Specifies whether the function allows overlapping n-grams. When this value is
TRUE, each word in each sentence starts an n-gram, if enough words follow
it (in the same sentence) to form a whole n-gram of the specified size. For
information on sentences, see the description of the "reset" argument.
Default Value: TRUE
Types: logical
|
to.lower.case |
Optional Argument.
Specifies whether the function converts all letters in the input text to lowercase.
Default Value: TRUE
Types: logical
|
punctuation |
Optional Argument.
Specifies a regular expression that matches the punctuation characters for
the function to remove before evaluating the input text.
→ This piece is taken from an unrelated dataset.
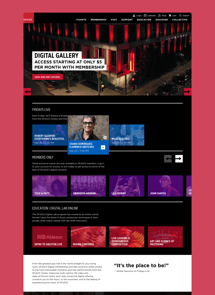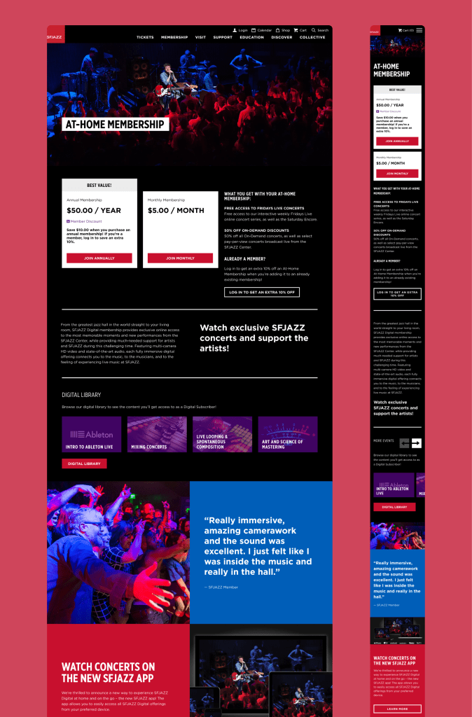 Finally, SFJAZZ wanted to improve their membership pages to make it easier for users to compare prices and benefits. Since they are increasingly producing online concerts, they also needed a way to sell access to their digital content. The result is a couple of templates that are unique, engaging, and make it simpler for potential members to make choices about which membership is right for them.

Default Value: "['~#^&*()-]"
Types: character
|
reset |
Optional Argument.
Specifies a regular expression that matches the character or string that ends
a sentence. At the end of a sentence, the function discards any partial n-grams and
searches for the next n-gram at the beginning of the next sentence.
An n-gram cannot span two sentences.
Default Value: "[.,?!]"
Types: character
|
total.gram.count |
Optional Argument.
Specifies whether the function returns the total number of n-grams in the document,
i.e., in the row. If this value is TRUE, then the name of the column returned is
specified by the "total.count.column" argument.
Note: The total number of n-grams is not necessarily the number of unique
n-grams.
Default Value: FALSE
Types: logical
|
total.count.column |
Optional Argument.
Specifies the name of the column to return if the value of the "total.gram.count"
argument is TRUE.
Default Value: "totalcnt"
Types: character
|
accumulate |
Optional Argument.
Specifies the names of the columns to return for each n-gram. These columns
cannot have the same names as those specified by the arguments "n.gram.column",
"num.grams.column", and "total.count.column". By default, the function
returns all input columns for each n-gram.
Types: character OR vector of Strings (character)
|
n.gram.column |
Optional Argument.
Specifies the name of the column that contains the generated n-grams.
Default Value: "ngram"
Types: character
|
num.grams.column |
Optional Argument.
Specifies the name of the column that is to contain the length of n-gram (in
words).
Default Value: "n"
Types: character
|
frequency.column |
Optional Argument.
Specifies the name of the column that contains the count of each unique
n-gram (that is, the number of times that each unique n-gram appears
in the document).
Default Value: "frequency"
Types: character
|
data.sequence.column |
Optional Argument.
Specifies the vector of column(s) that uniquely identifies each row
of the input argument "data". The argument is used to ensure
deterministic results for functions which produce results that vary
from run to run.
Types: character OR vector of Strings (character)
|
Value
Function returns an object of class "td_ngramsplitter_mle" which
is a named list containing object of class "tbl_teradata".
Named list member can be referenced directly with the "$" operator
using name: result.
Examples
# Get the current context/connection
con <- td_get_context()$connection
# Load example data.
loadExampleData("ngram_example", "paragraphs_input")
# Create object(s) of class "tbl_teradata".
paragraphs_input <- tbl(con, "paragraphs_input")
# Example 1 - Find total number of overlapping n-grams.
td_ngramsplitter_out1 <- td_ngramsplitter_mle(data = paragraphs_input,
text.column = "paratext",
delimiter = " ",
grams = c("4-6"),
overlapping = TRUE,
to.lower.case = TRUE,
total.gram.count = TRUE,
accumulate = c("paraid","paratopic")
)
# Example 2 - Find non-overlapping n-grams.
td_ngramsplitter_out2 <- td_ngramsplitter_mle(data = paragraphs_input,
text.column = "paratext",
delimiter = " ",
grams = c("4-6"),
overlapping = FALSE,
to.lower.case = TRUE,
total.gram.count = FALSE,
accumulate = c("paraid","paratopic")
)